In November 2021, two state constitution amendments were proposed which would have established a permanent no excuse absentee voting and same-day voter registration had failed to be passed following a referendum. As a result of that failure, state Democrats had vowed to give the two amendments another shot through a multi-year amendment cycle this year. But those amendments were ultimately not introduced during the legislative session, meaning New Yorkers should not expect either of these amendments to be part of the state constitution anytime soon.

Amendments aside, the legislature has been working on several bills that deal with voting and elections reform, including the state’s John R. Lewis Voting Rights Act of New York, sponsored by a Brooklyn assemblymember named Latrice Walker and state senator named Zellnor Myrie, also from Brooklyn, that would increase the availability of demographics and election data, which could be used to back future efforts to get more people to vote. The law would also require pre-clearance from the attorney general’s office before there can be any changes to voting policy in regions of the state that have a history of voter suppression, which includes neighborhoods in Brooklyn, Manhattan and the Bronx.

The state passed the bill on May 31 and the assembly did the same and in early June. The governor has yet, however, to sign it.

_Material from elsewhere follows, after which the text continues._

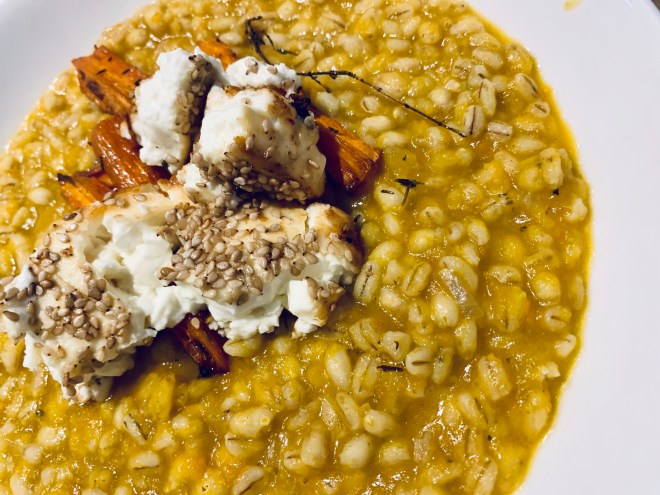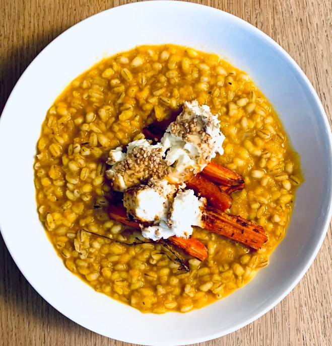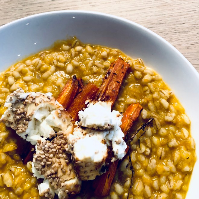 Den Gerstenrisotto schön heiss in den Tellern anrichten und mit den gerösteten Karotten und dem zerbröselten Feta verfeinern.

Another voting rights bill that did the same deals with the “wrong church” provision of election law that requires voters to vote at assigned polling centers and disqualifies ballots that were cast at incorrect polling locations. Usually when a voter shows up to the incorrect polling place, they’re handed a provisional affidavit ballot instead of being told their correct assigned poll. As a result, many times their affidavit ballot doesn’t actually get counted. Voters leave the polls thinking they voted when in actuality they didn’t.

The version of the bill that passed both houses would change the law so that the votes on affidavit ballots for top-of-ballot races, like presidential and gubernatorial race would still be counted, so long as the voter cast the ballot within the correct assembly district, even if it’s not the correct polling site. Votes for races that are district specific, however, won’t be counted since there’s no way to confirm that the voter is within the correct district when they cast an affidavit ballot. It, too, is still waiting to be signed by the governor.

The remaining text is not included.